Nevertheless, in their latest book Humanocracy, the renowned management thinkers Gary Hamel and Michele Zanini highlight some trade-offs still commonly seen as being impossible for banks to avoid. Trade-offs such as achieving consistently strong growth versus maintaining low risk, or delivering personal customer service versus maintaining cost control.
Hamel and Zanini go on to describe Handelsbanken as one example of a bank that has overcome “the curse of either/or thinking”, creating a model that delivers value to its shareholders precisely because it delivers value to its customers, employees and various other stakeholders. The key, they argue, lies as much in those industry-standard features we choose not to adopt – for instance absolute goals, top down targets, or financial incentives – as in the values and operating principles I have just summarised.

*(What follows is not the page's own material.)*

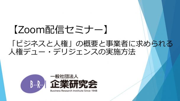 【開催にあたって】 新疆ウイグル自治区の問題などをきっかけに「ビジネスと人権」に関する問題が、国内外で大きな議論となっていく中で、事業者にとって「ビジネスと人権」に関する理解と具体的な対応を行うことが不可欠となってきております。 そのような中、大企業だけでなく、中小企業においても、人権デュー・デリジェンスを実施することが求められることとなっているにも関わらず、実際にどのように実施ししていけばよいか分からず試行錯誤されている事業者が多くなっております。 また、これまで経験をしてきていないこともありNGOからのコンタクトがあった場合に具体的にどのように対応するべきかについて具体的な対応にあたってどのようにすればよいか、苦慮しているのが現実です。 そこで、本講座では、これまで「ビジネスと人権」に関するNGOからのコンタクトへの対応や、人権指針の策定・人権デュー・デリジェンスの実施といった事業者の人権コンプライアンス体制の整備に多数関与しており、幅広い知見を有している講師が、国際通商からの視点にも触れつつ、近時のグローバルでの法整備や執行の状況、NGOへの対応方法など、企業に求められる実務的な対応について、解説させて頂きます。

All I can say is that, having worked almost my whole career in Handelsbanken, across different countries and parts of the bank, the kind of either/or thinking Humanocracy highlights is indeed anathema to us. Time and again, we find no paradox in striving for high levels of customer and employee satisfaction, controlling costs, keeping risks low, playing an active, responsible role in our communities, and achieving a healthy financial performance. Quite the contrary, these outcomes serve to reinforce each other in various quite natural ways.
To sum up, although we have long been steered by a sense of responsibility to those we can impact through our operations, I cannot say for sure whether we are, or are not, a ‘stakeholder company’ by any firm definition. Instead, those more expert in this field can perhaps reach their own conclusions, either based on this brief description of our model, or – far better – on first-hand experience of being a Handelsbanken stakeholder one way or another.